Tuesday, March 03, 2015

Hypocritical hostility.


The international wave of hostility against smokers and chewers of tobacco is set to worsen on our shores. We are set to emblazon all cigarette packs and all conveyances for cigarettes with graphic images - that is, disturbing and gory pictures - depicting various ill outcomes of tobacco products. I have nothing against that. Rotten teeth, blackened lungs and all manner of warnings should be conveyed to those fortunate enough never have to partaken of the Devil's Stick.

We shouldn't stop there, though. The long term plan of the national and county government should be to phase out the production of tobacco for human consumption, unless such consumption is not the road to cancer, emphysema, asthma, tooth decay or death. The government is a hypocritical beast and it will not flat out declare a ban on tobacco or tobacco-growing so long as the excise it collects from tobacco and tobacco-related products continue to swell its ever-empty coffers. But if it is truly serious about cutting down on the harmful effects of tobacco on the human body, then the government should strive t identify that alternate use for tobacco that will generate the same revenue as the addiction of millions of Kenyans.

But we all know how these things go. Big Tobacco is not known for rolling over and playing dead. It never has and it most certainly won't do so in Kenya. It has lost major battles in major western markets, but in the Least Developed countries of the world it as found a ready market, a pliant government and a weak civil society incapable of standing up to Big Business. (Before you get all hot under the collar about my lumping Kenya with the LDCs, just know this: Kenya provides a ready market, a pliant government and a weak civil society that has taken some serious knocks since 2005.)
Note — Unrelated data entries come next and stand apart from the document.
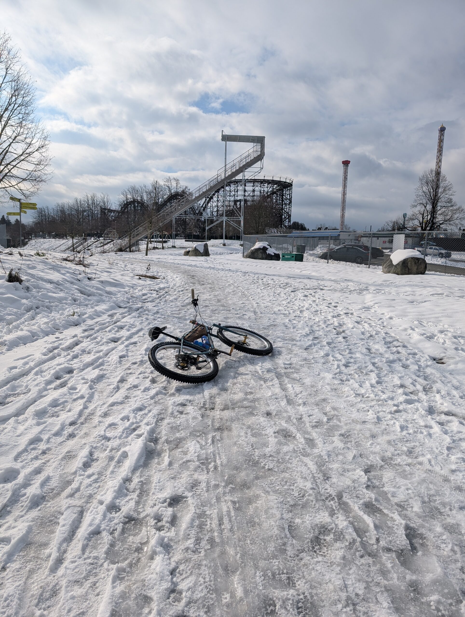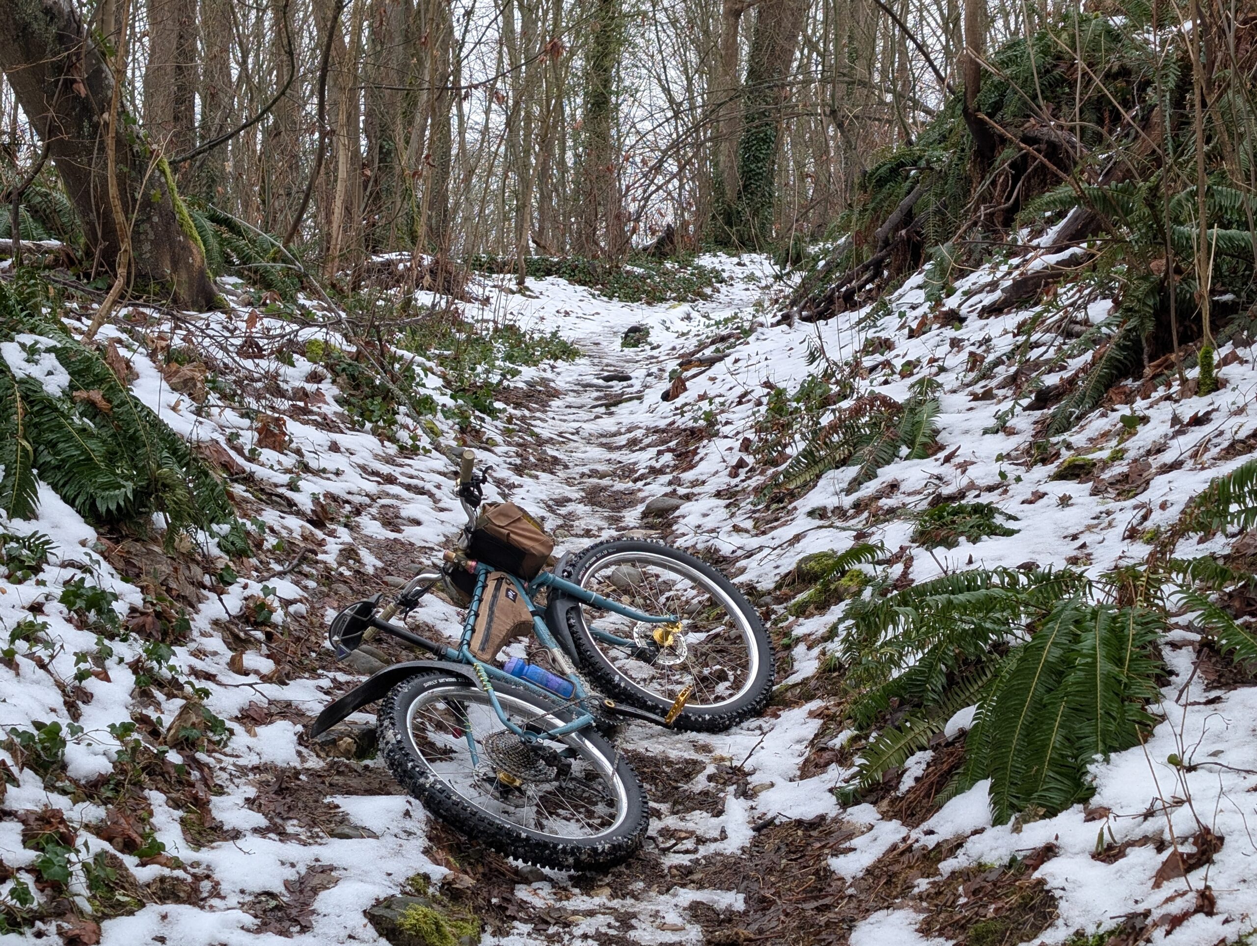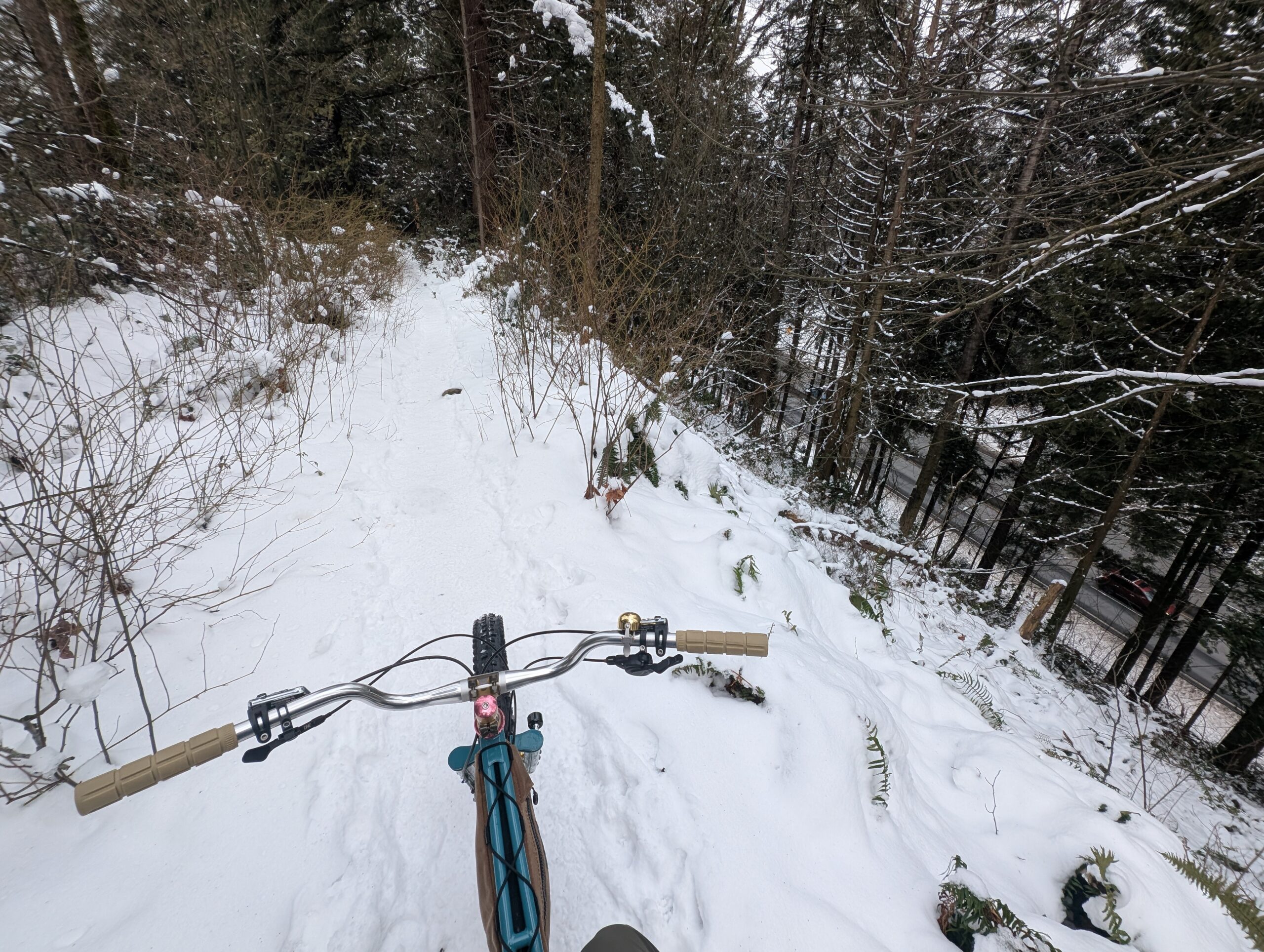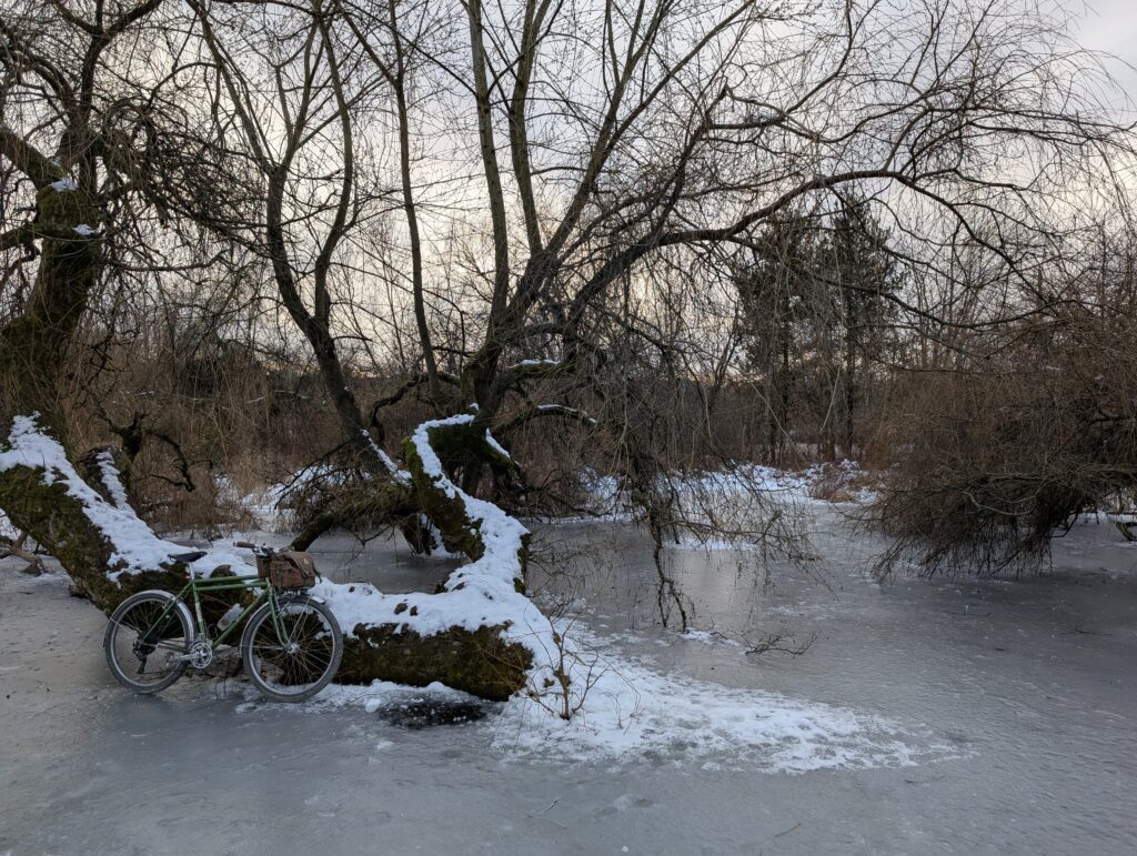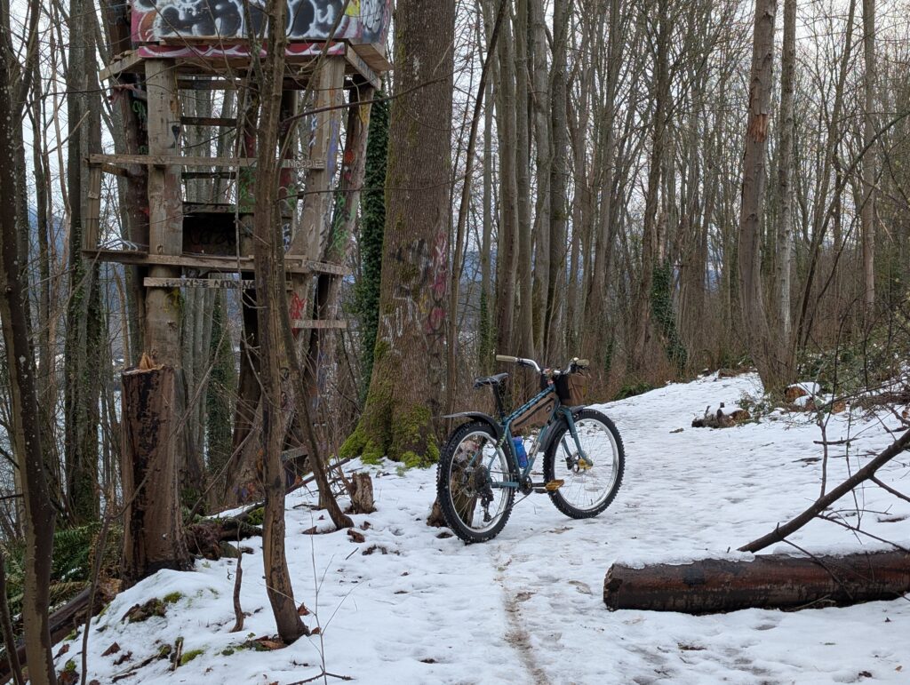 I was really impressed with the Dirt Wizard tires in the snow – I didn’t realize how slick things actually were until I tried to walk a section and realized it was a lot easier to ride than walk. Soon I will learn how brutally slow they are on pavement, but this day, they were the ideal choice. I took some pretty steep sections and had no issue with control! I worked my way through different forested areas westward, occasionally getting into some hike-a-bike, and picked up a couple beers from Beva Brewing to take up the hill to Murdo Frazer. I was delighted to find the pond frozen over, and enjoyed a beer in the tranquil spot which felt extra silent today.
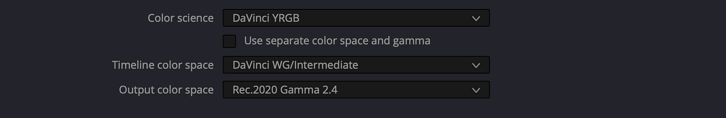 What these settings translates to is that I’ll get to use a very wide colour space to manage colour (DaVinci Wide Gamut) and then export into a space that’s most commonly used for viewing content on the web (Rec.709 Gamma 2.4).
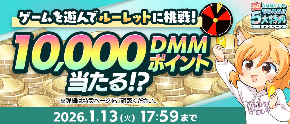 【キャンペーン2】毎日最大10,000DMMポイントが当たるルーレット開催!
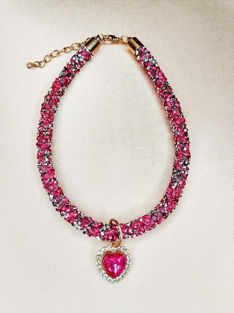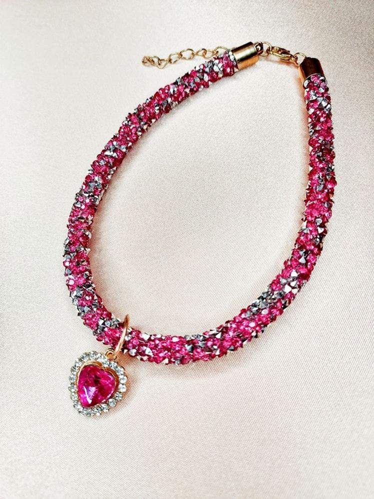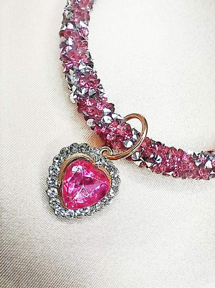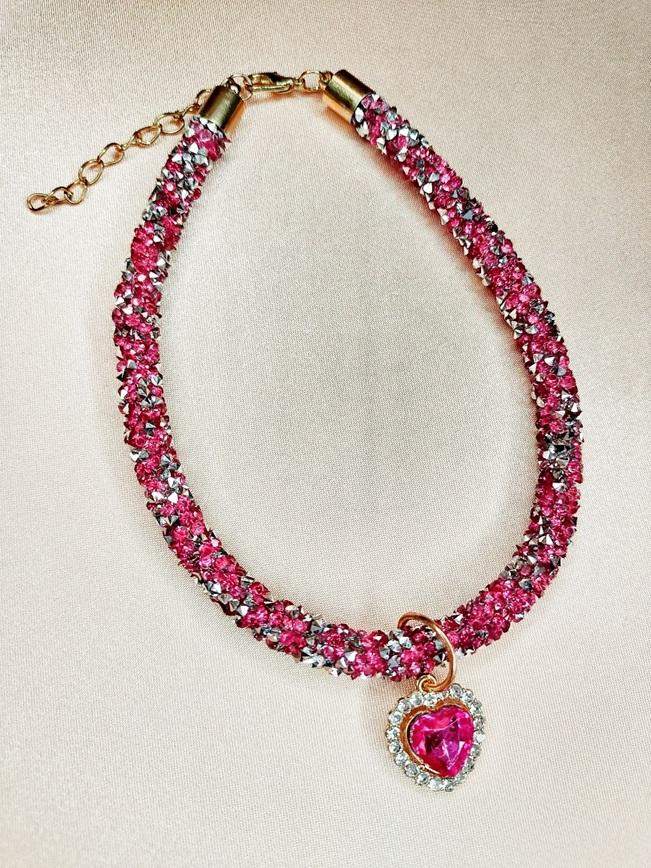 Brokatowa obroża różowo-srebrne kamyczki z serduszkiem Nasza kolejna propozycja w kolorach różu - pięknie mieniący się w świetle naszyjnik w kolorze różowo-srebrnym, wysadzany drobnymi kamyczkami, wykończony regulowanym zapięciem w kolorze złotym. Dodatkiem jest zawieszka w kształcie serca, która będzie wspaniałym symbolem Waszej pięknej relacji. Błyszczący, duży kamień w kolorze intensywnie różowym, otoczony białymi cyrkoniami dodaje blasku Twojemu pupilowi. Kolory dominujące: - różowy - srebrny - złoty Wymiary naszyjnika: - minimalna długość 26,5 cm - maksymalna długość 32 cm - szerokość naszyjnika 7 mm Wymiary zawieszki: - wysokość 2 cm - szerokość 1,5 cm
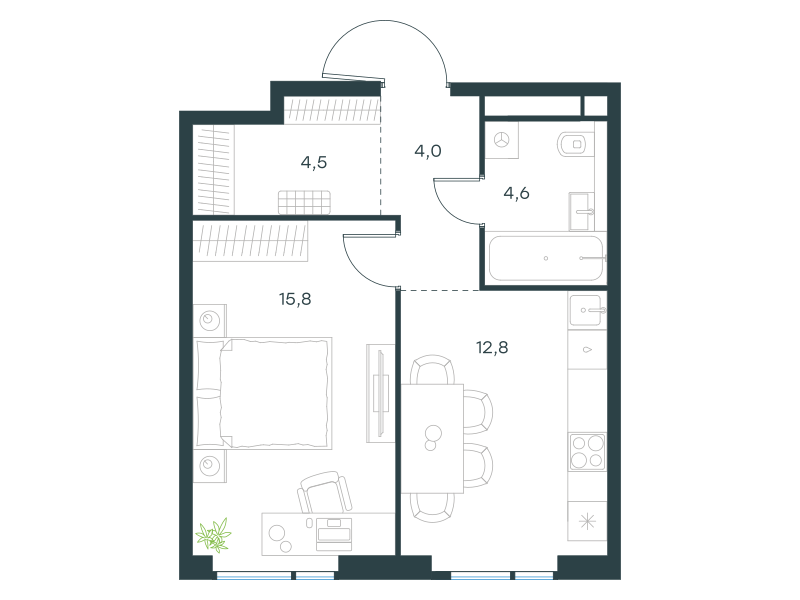 Однокомнатная квартира, 41.7 кв. м
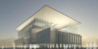 According to the use of the space, five space volumes depend on the direction with different materials. Tower and the lobby are becoming a glass box, east lecture hall with brick box, and the multi-purpose hall with metal box and then they are integrated with natural light in the courtyard.
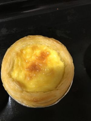 把挞水过一遍筛,再倒入挞皮里,8分满。 200度烤25分钟,这个时候已经熟了,颜色够了就不用再烤了,有的烤箱25分钟后蛋挞虽然熟了但还是白色,这个时候需要调整烤箱温度到220度,再烤3~5分钟。

So it is almost certain that the first half of the bargain will come to pass but the other that will wean millions of Kenyans off of the poison, save the national economy billions in doctors' fees and drugs' costs, provide an alternative market for tobacco farmers and all around make Kenya a better place will be ignored and given short shrift, not least by Big Tobacco. The writing is on the wall. It may not happen this decade, or the next, but sooner or later the world will ban cigarettes and similar tobacco products. We know it. They know it. They are the ones burying their heads in the sand.